Al oscurecer, remaron silenciosamente pero con vigor hasta la costa occidental que contaba con montañas de gran elevación. Aunque a los ojos de Duncan la geografía no ofrecía ningún accidente, Chingachgook entró en el pequeño puerto con la exactitud y la confianza de un experto piloto.

La canoa fue nuevamente levantada y transportada al bosque, donde se la ocultó cuidadosamente entre la espesura. Los viajeros, con sus armas y sus morrales a la espalda, estaban listos para partir, y así se lo hizo saber el cazador a Duncan y a Munro.

Ojo de Halcón y los mohicanos conocían bien las montañas y los valles de ese desierto por haberlos recorrido muchas veces, y no vacilaron en internarse en lo más espeso de los bosques, con la seguridad de quienes están habituados a afrontar sus privaciones sin dificultades.

Caminaron durante varias horas, hasta que el cazador decidió, con los mohicanos, que aquel era un buen lugar para pasar la noche. Munro y Duncan durmieron sin temor, aunque con inquietud. Cuando el sol disipaba la niebla y llenaba de luz el bosque, continuaron su marcha.

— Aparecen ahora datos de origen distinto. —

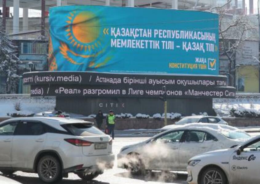 カザフスタン・アルマトイで、新憲法案の是非を問う国民投票実施を伝えるスクリーン=12日(ロイター=共同)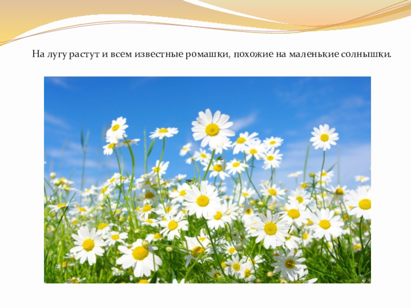 Слайд 5На лугу растут и всем известные ромашки, похожие на маленькие солнышки.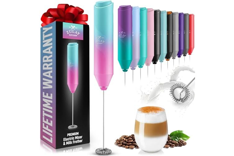 Zulay Kitchen Powerful Milk Frother Wand - Handheld Stainless Steel - Battery Operated Drink Mixer for Coffee, Lattes, Cappuccino, Matcha - Froth Mate Frother Gift - Teal Pink Fade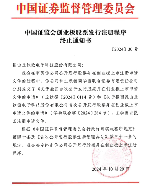 据中国证监会创业板股票发行注册程序终止通知书([2024]30号),证监会在审阅昆山丘钛微电子科技股份有限公司(简称“丘钛微”)公开发行股票并在创业板上市注册申请文件的过程中,丘钛微和主承销商华泰联合证券有限责任公司分别提交了《关于撤回首次公开发行股票并在创业板上市申请文件的申请》(丘钛微[2024]0114号)和《关于撤回昆山丘钛微电子科技股份有限公司首次公开发行股票并在创业板上市申请文件的申请》(华泰联合字[2024]284号),主动要求撤回注册申请文件。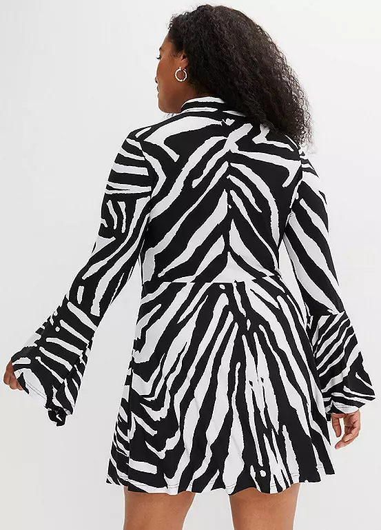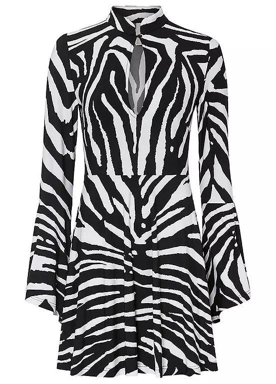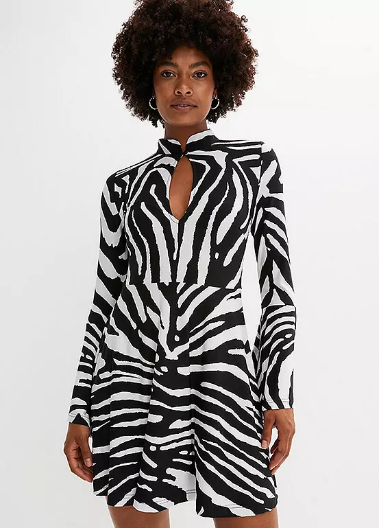 Turtleneck jersey dress with a cut-out and long bell sleeves. Length approx. 86 cm.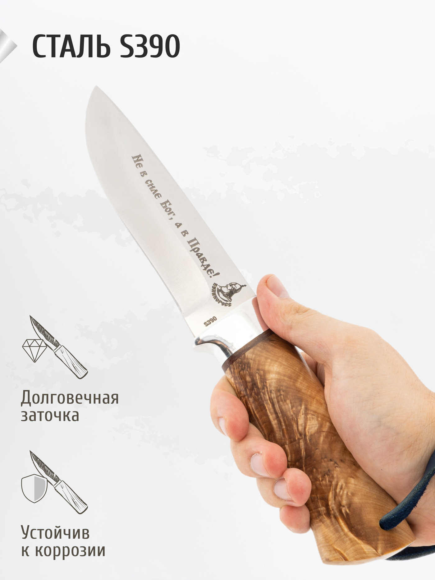 У ножа высокое качество изготовления, превосходная подгонка всех элементов, красивая рукоять, надежный чехол. Нож супер!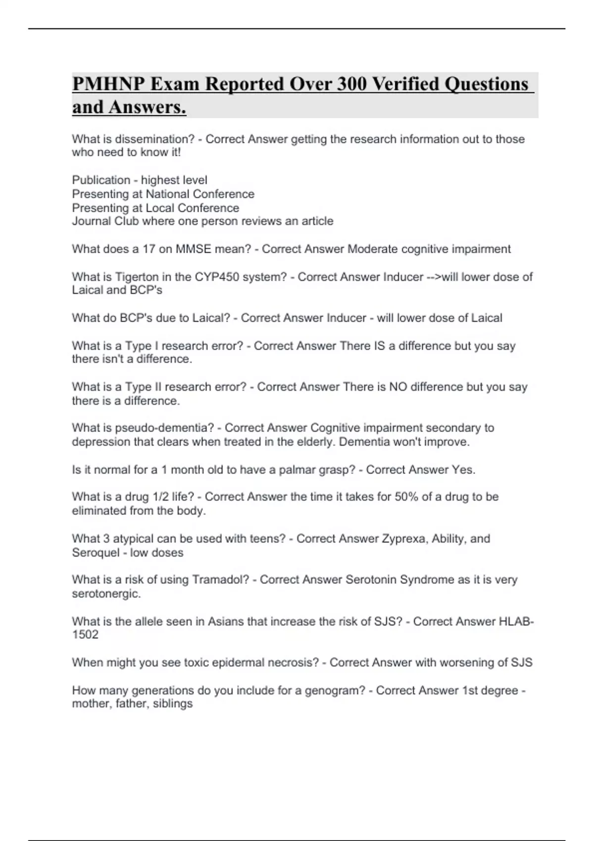 PMHNP Exam Reported Over 300 Verified Questions and Answers.

Recorridas algunas millas, Ojo de Halcón, que iba a la vanguardia, comenzó a caminar más lentamente y con mayor cuidado, deteniéndose para examinar los árboles, el color del agua o la rapidez de la corriente.

—Al descubrir que las huellas de Zorro Sutil —reflexionó el cazador—se dirigían al norte, pensé que seguiría los valles y que se mantendría entre las aguas del Hudson y las del Horican, hasta llegar al nacimiento de los ríos de Canadá, lo cual lo conducirá al interior del país ocupado por los franceses. Sin embargo, estamos muy cerca del lago Scaroon y no hemos encontrado ninguna huella. Es posible que no hayamos seguido la pista correcta.

Pero ya Uncás, con los ojos chispeantes de alegría y dando brincos como un ciervo, había subido a una pequeña altura y señalaba la tierra recién removida.

Todos acudieron a observar su descubrimiento.

—¡Mira! —dijo Uncás, señalando las huellas.

Se pusieron nuevamente en marcha, caminaban con tanta rapidez y con tanta seguridad como si recorrieran un camino real. Sin embargo, el hurón no había descuidado las tretas que los indios no olvidan cuando se baten en retirada.